Rama: Les manifestants ne peuvent pas me libérer

Le Premier ministre Edi Rama, en communication virtuelle avec les résidents de Kukes, affirme ne pas avoir rencontré le maire de Kukes, puisqu'il ne s'est pas éloigné de la violence. Il a dit que ce n'est pas celui qui libère les manifestants arrêtés, comme l'ont également demandé les présents, mais c'est une question d'organes de justice, [...]
Le Premier ministre Edi Rama, en communication virtuelle avec les résidents de Kukes, affirme ne pas avoir rencontré le maire de Kukes, puisqu'il ne s'est pas éloigné de la violence. Il a dit que ce n'est pas celui qui libère les manifestants arrêtés, comme l'ont également demandé les personnes présentes, mais c'est le travail des organes de justice, diffuse tch.
Je n'ai pas rencontré le maire parce qu'il ne s'est pas éloigné de la violence, et aujourd'hui il paraît qu'il a même dit, que je suis retiré du tarif, et je dois demander la libération des gens. Nous vivons dans un État doté de Constitutions et de lois, avec des pouvoirs distincts. Qui est interdit et qui est jugé n'est pas la décision du gouvernement mais les organes chargés de l'application des lois.
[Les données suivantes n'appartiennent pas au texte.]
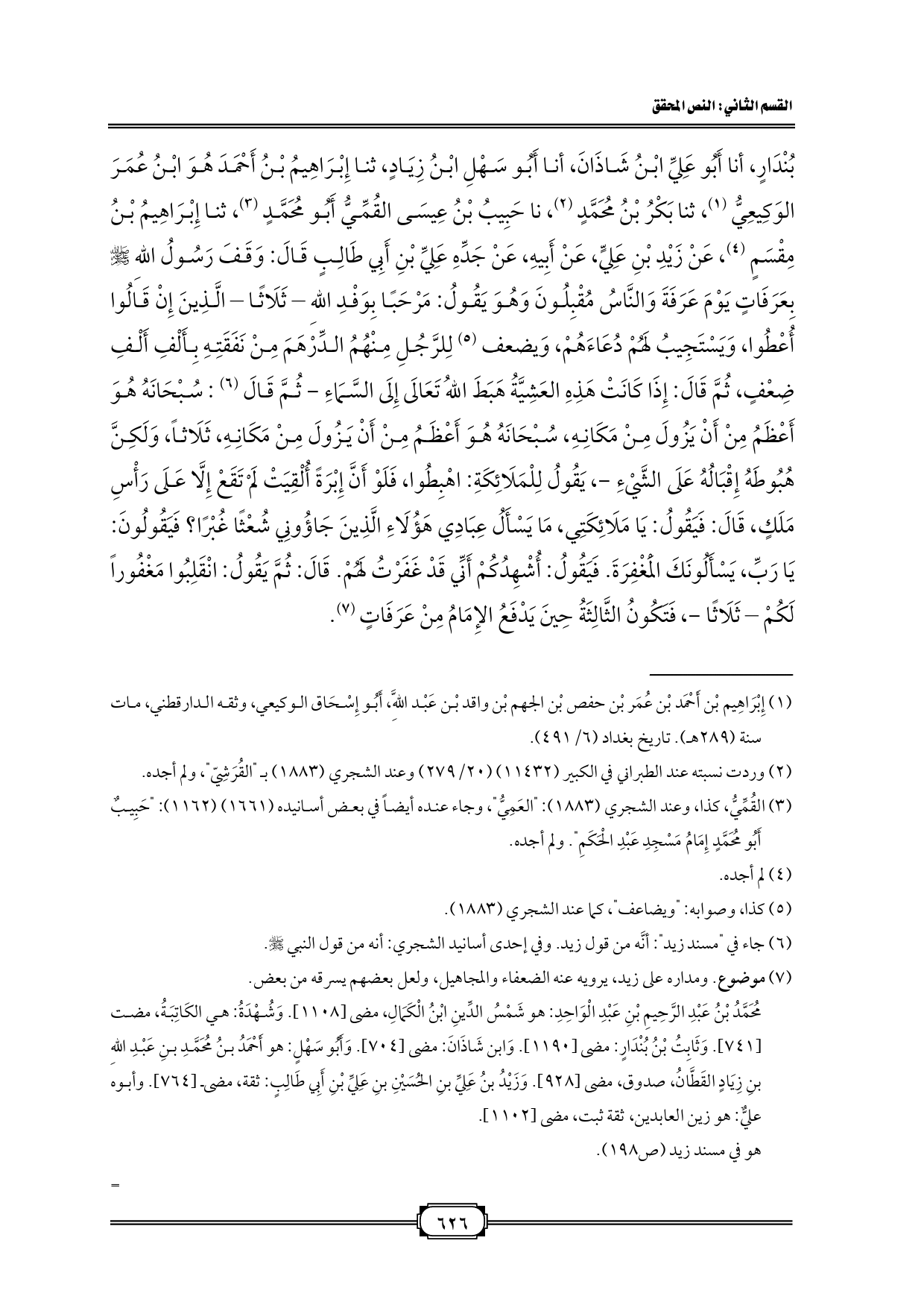 بُنْدَارٍ، أنا أَبُو عَلِيِّ ابْنُ شَاذَانَ، أنا أَبُو سَهْلِ ابْنُ زِيَادٍ، ثنا إِبْرَاهِيمُ بْنُ أَحْمَدَ هُوَ ابْنُ عُمَرَ الوَكِيعِيُّ (¬١)، ثنا بَكْرُ بْنُ مُحَمَّدٍ (¬٢)، نا حَبِيبُ بْنُ عِيسَى القُمِّيُّ أَبُو مُحَمَّدٍ (¬٣)، ثنا إِبْرَاهِيمُ بْنُ مِقْسَمٍ (¬٤)، عَنْ زَيْدِ بْنِ عَلِيٍّ، عَنْ أَبِيهِ، عَنْ جَدِّهِ عَلِيِّ بْنِ أَبِي طَالِبٍ قَالَ: وَقَفَ رَسُولُ اللهِ - صلى الله عليه وسلم - بِعَرَفَاتٍ يَوْمَ عَرَفَةَ وَالنَّاسُ مُقْبِلُونَ وَهُوَ يَقُولُ: مَرْحَبًا بِوَفْدِ اللهِ - ثَلَاثًا - الَّذِينَ إِنْ قَالُوا أُعْطُوا، وَيَسْتَجِيبُ لَهُمْ دُعَاءَهُمْ، وَيضعف (¬٥) لِلرَّجُلِ مِنْهُمُ الدِّرْهَمَ مِنْ نَفَقَتِهِ بِأَلْفِ أَلْفِ ضِعْفٍ، ثُمَّ قَالَ: إِذَا كَانَتْ هَذِهِ العَشِيَّةُ هَبَطَ اللهُ تَعَالَى إِلَى السَّمَاءِ - ثُمَّ قَالَ (¬٦): سُبْحَانَهُ هُوَ أَعْظَمُ مِنْ أَنْ يَزُولَ مِنْ مَكَانِهِ، سُبْحَانَهُ هُوَ أَعْظَمُ مِنْ أَنْ يَزُولَ مِنْ مَكَانِهِ، ثَلَاثاً، وَلَكِنَّ هُبُوطَهُ إِقْبَالُهُ عَلَى الشَّيْءِ -، يَقُولُ لِلْمَلَائِكَةِ: اهْبِطُوا، فَلَوْ أَنَّ إِبْرَةً أُلْقِيَتْ لَمْ تَقَعْ إِلَّا عَلَى رَأْسِ مَلَكٍ، قَالَ: فَيَقُولُ: يَا مَلَائِكَتِي، مَا يَسْأَلُ عِبَادِي هَؤُلَاءِ الَّذِينَ جَاؤُونِي شُعْثًا غُبْرًا؟ فَيَقُولُونَ: يَا رَبِّ، يَسْأَلُونَكَ الْمَغْفِرَةَ. فَيَقُولُ: أُشْهِدُكُمْ أَنِّي قَدْ غَفَرْتُ لَهُمْ. قَالَ: ثُمَّ يَقُولُ: انْقَلِبُوا مَغْفُوراً لَكُمْ - ثَلَاثًا -، فَتَكُونُ الثَّالِثَةُ حِينَ يَدْفَعُ الإِمَامُ مِنْ عَرَفَاتٍ (¬٧).

L'appel à les libérer est un appel qui va non seulement à la mauvaise adresse, mais à l'air parce que c'est un processus qui appartient aux organes judiciaires. Le maire Kukes je lui dis non seulement que je n'ai pas reculé, mais je continue juste un processus que nous aurions dû faire avant. C'est vrai, car je me suis excusé, et contrairement à d'autres avant, nous ne nous considérons même pas désarmés”, a dit Rama.
Il s'est de nouveau excusé pour leur manque de communication. Je m'excuse auprès de tous que cette partie fait partie de notre responsabilité. Ce n'était pas un manque de communication non plus parce que nous étions indifférents au problème, ni parce que nous ne nous sommes pas concentrés sur les préoccupations, les problèmes, les problèmes en général, ni parce qu'ils ont laissé la chose aller en libre circulation, mais pour une raison, d'une part, que nous n'avons pas correctement apprécié cette phase et, d'autre part, pendant qu'à la fin de février nous avons commencé à travailler sur un point de contrat, c'est-à-dire pour ceux appelés utilisateurs fréquents de la rue, ce qui signifie tous ceux pour qui la route est nécessaire et avec une mobilité élevée. Nous ne voulons pas tomber dans le piège dans lequel nous sommes tombés, malheureusement par la manipulation de cette affaire et les abus qui ont été commis à de nombreuses personnes, avec des mensonges, des calomnies. À ce stade, nous faisons ce travail”, a dit Rama.